# Aim of the exercise
This exercise calls for every record to be returned exactly, with pictures removed.

# Provided data
-- Opening Marker --

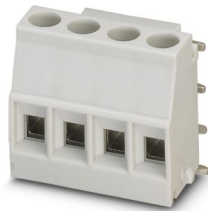
Figure shows standard item in light gray

Printed circuit board terminal, nominal current: 24 A, rated voltage (III/2): 400 V, nominal cross section: 2.5 mm 2 , number of potentials: 4, number of rows: 1, number of positions per row: 4, product range: MKDSO 2,5/...-R, pitch: 5 mm, connection method: Screw connection with tension sleeve, mounting: Wave soldering, conductor/PCB connection direction: 0 °, color: light gray, Pin layout: Linear pinning, Solder pin [P]: 3.5 mm, number of solder pins per potential: 1, type of packaging: packed in cardboard. Printed version, item with pin output on the right
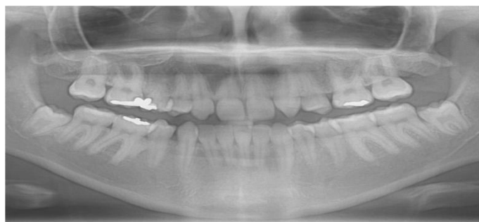
Figure 1: Pre-operative radiograph

The maxillary lateral incisor is the second most frequently missing tooth after the mandibular second premolar even though Muller et al. found that maxillary lateral incisors experience the most agenesis (not including third molars). Agenesis of the maxillary lateral incisor is also linked with anomalies and syndromes such as agenesis of other permanent teeth, microdontia of maxillary lateral incisors (peg laterals), palatally displaced canines and distal angulations of mandibular second premolars.[6,7] Absence of any tooth can cause treatment difficulties, but agenesis of the maxillary lateral incisor poses a unique set of restorative challenges. Because the maxillary lateral incisor is located in the esthetic zone, it is essential that bone height, papilla height, enamel color, and shape match the surrounding teeth. Clinicians attempt to maintain the proper anterior overbite, overjet and ideal interarch relationships of the canine teeth while creating enough space for a fixed partial denture or more commonly, an implant with a single crown restoration, but few treatment options are available for patients with agenesis of one or both maxillary lateral incisors. One option is to close the space(s) and restore the remaining teeth accordingly and the second is to open the space for a fixed partial denture or implant. [7,8,9,10]
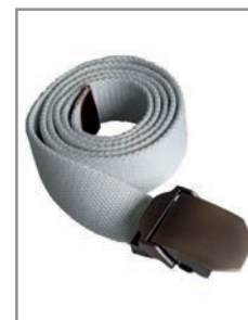
KXWWBW White 140 x 4 cm
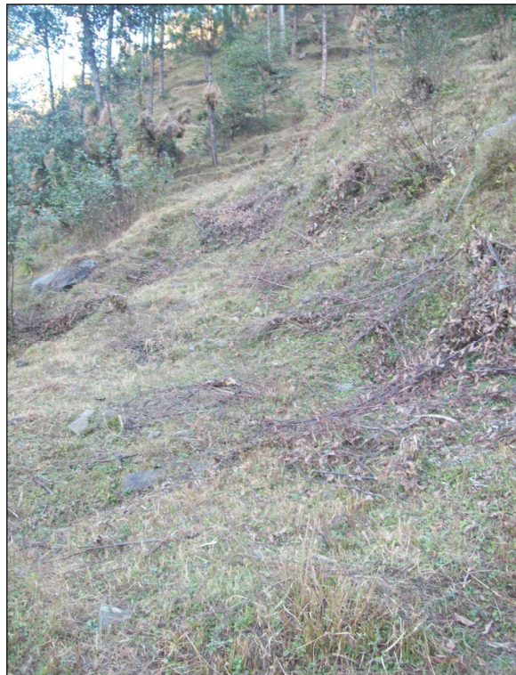
Side view of the proposed site for construction

At the site thick alluvial soil cover and quartzite rock fragments of size 3-4cm in the soil matrix are found. At the proposed site the soil is consolidated, the rate of infiltration is high making the soil water saturation high as the area receive high rainfall.
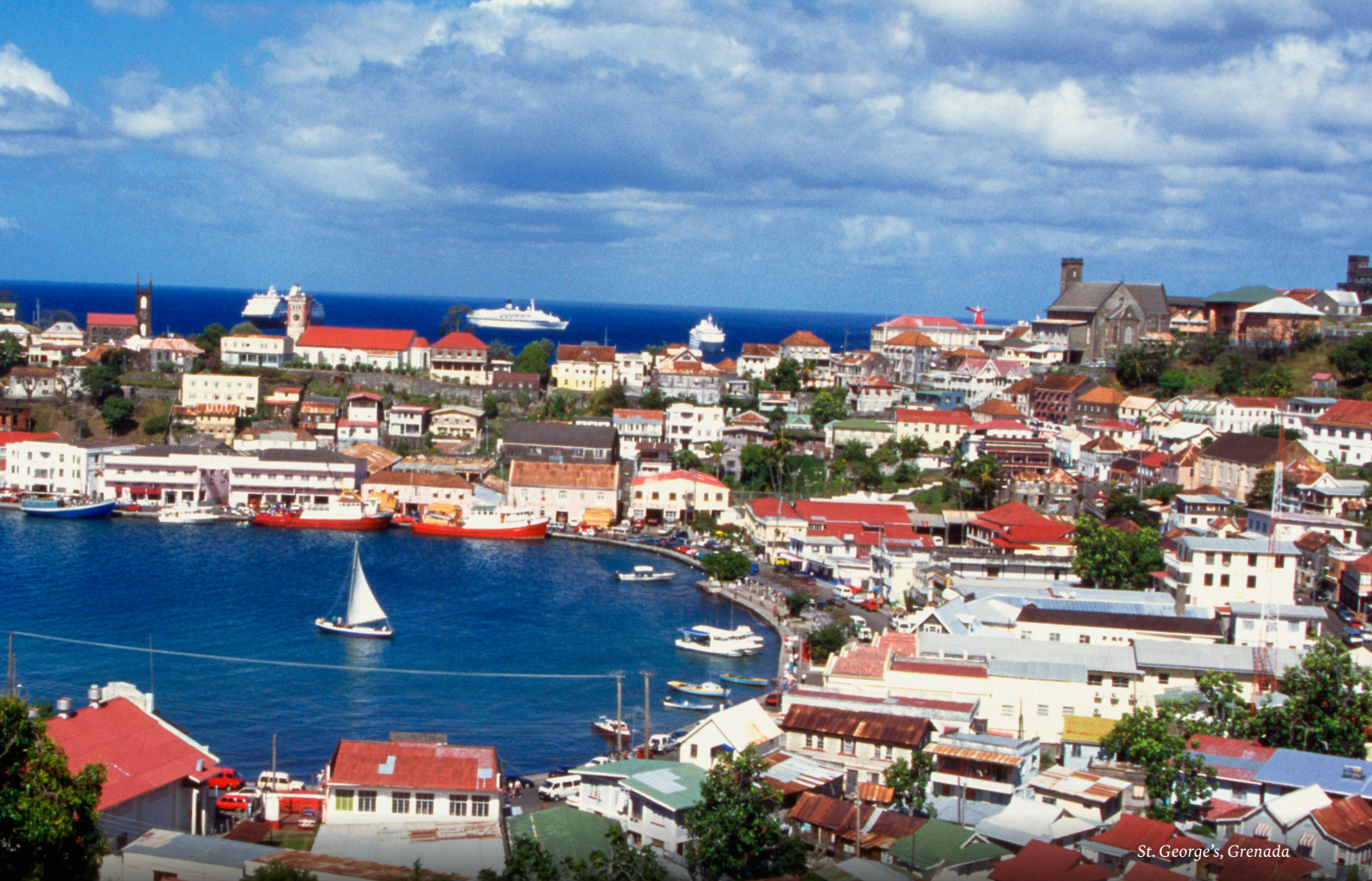
St. George's, Grenada

-- Closing Marker --

# Exercise response
Figure shows standard item in light gray

Printed circuit board terminal, nominal current: 24 A, rated voltage (III/2): 400 V, nominal cross section: 2.5 mm 2 , number of potentials: 4, number of rows: 1, number of positions per row: 4, product range: MKDSO 2,5/...-R, pitch: 5 mm, connection method: Screw connection with tension sleeve, mounting: Wave soldering, conductor/PCB connection direction: 0 °, color: light gray, Pin layout: Linear pinning, Solder pin [P]: 3.5 mm, number of solder pins per potential: 1, type of packaging: packed in cardboard. Printed version, item with pin output on the right
Figure 1: Pre-operative radiograph

The maxillary lateral incisor is the second most frequently missing tooth after the mandibular second premolar even though Muller et al. found that maxillary lateral incisors experience the most agenesis (not including third molars). Agenesis of the maxillary lateral incisor is also linked with anomalies and syndromes such as agenesis of other permanent teeth, microdontia of maxillary lateral incisors (peg laterals), palatally displaced canines and distal angulations of mandibular second premolars.[6,7] Absence of any tooth can cause treatment difficulties, but agenesis of the maxillary lateral incisor poses a unique set of restorative challenges. Because the maxillary lateral incisor is located in the esthetic zone, it is essential that bone height, papilla height, enamel color, and shape match the surrounding teeth. Clinicians attempt to maintain the proper anterior overbite, overjet and ideal interarch relationships of the canine teeth while creating enough space for a fixed partial denture or more commonly, an implant with a single crown restoration, but few treatment options are available for patients with agenesis of one or both maxillary lateral incisors. One option is to close the space(s) and restore the remaining teeth accordingly and the second is to open the space for a fixed partial denture or implant. [7,8,9,10]
KXWWBW White 140 x 4 cm
Side view of the proposed site for construction

At the site thick alluvial soil cover and quartzite rock fragments of size 3-4cm in the soil matrix are found. At the proposed site the soil is consolidated, the rate of infiltration is high making the soil water saturation high as the area receive high rainfall.
St. George's, Grenada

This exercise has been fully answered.